==== INPUT RECORDS

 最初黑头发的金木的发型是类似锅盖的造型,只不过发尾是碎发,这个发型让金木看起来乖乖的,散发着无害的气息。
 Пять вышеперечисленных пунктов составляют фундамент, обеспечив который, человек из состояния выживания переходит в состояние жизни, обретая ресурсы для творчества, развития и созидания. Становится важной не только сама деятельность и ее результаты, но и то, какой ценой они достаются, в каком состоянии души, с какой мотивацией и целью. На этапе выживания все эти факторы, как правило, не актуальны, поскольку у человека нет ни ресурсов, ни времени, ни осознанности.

========
==== INPUT RECORDS

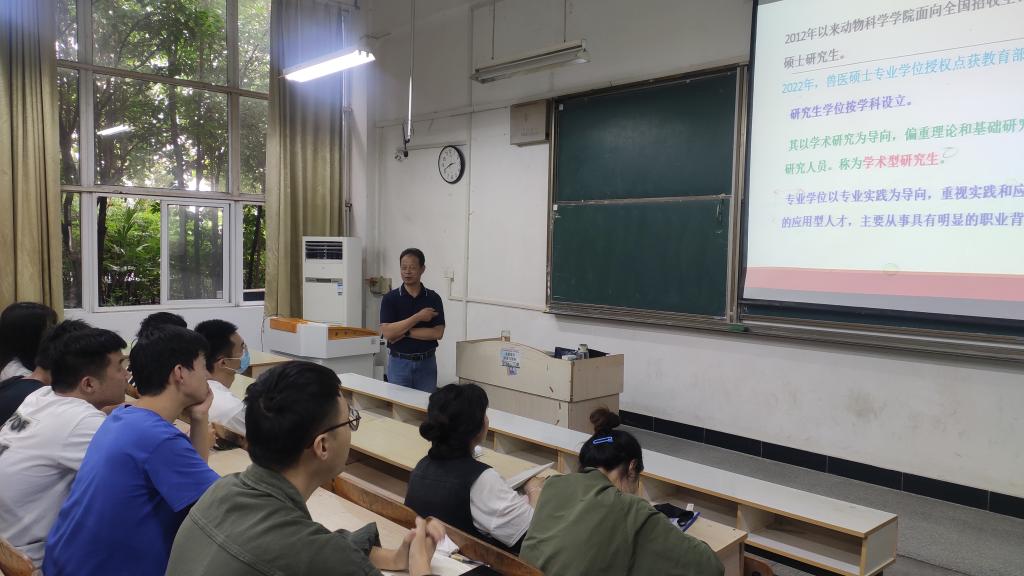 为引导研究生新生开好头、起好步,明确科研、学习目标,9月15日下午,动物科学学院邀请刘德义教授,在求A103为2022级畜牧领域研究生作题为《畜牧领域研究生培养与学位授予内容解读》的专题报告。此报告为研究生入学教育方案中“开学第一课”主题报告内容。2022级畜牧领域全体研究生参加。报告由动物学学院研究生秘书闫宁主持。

========
==== INPUT RECORDS

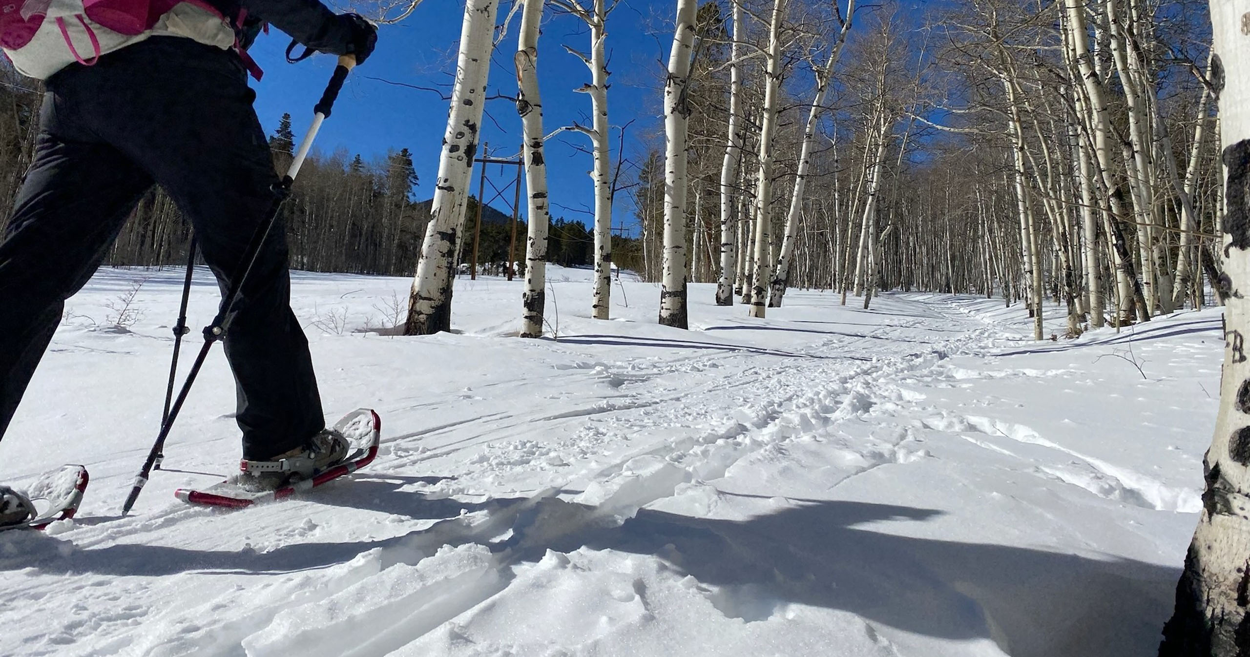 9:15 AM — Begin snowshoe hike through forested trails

========

> _WHAT TO DO_
What is needed is a verbatim copy of every line in the records above from the one containing "最初黑头发的金木的发型是类似" down to the one containing "Пять вышеперечисленных пунктов", both included, and nothing more.

> _SOLUTION TO THE EXERCISE_
 最初黑头发的金木的发型是类似锅盖的造型,只不过发尾是碎发,这个发型让金木看起来乖乖的,散发着无害的气息。
 Пять вышеперечисленных пунктов составляют фундамент, обеспечив который, человек из состояния выживания переходит в состояние жизни, обретая ресурсы для творчества, развития и созидания. Становится важной не только сама деятельность и ее результаты, но и то, какой ценой они достаются, в каком состоянии души, с какой мотивацией и целью. На этапе выживания все эти факторы, как правило, не актуальны, поскольку у человека нет ни ресурсов, ни времени, ни осознанности.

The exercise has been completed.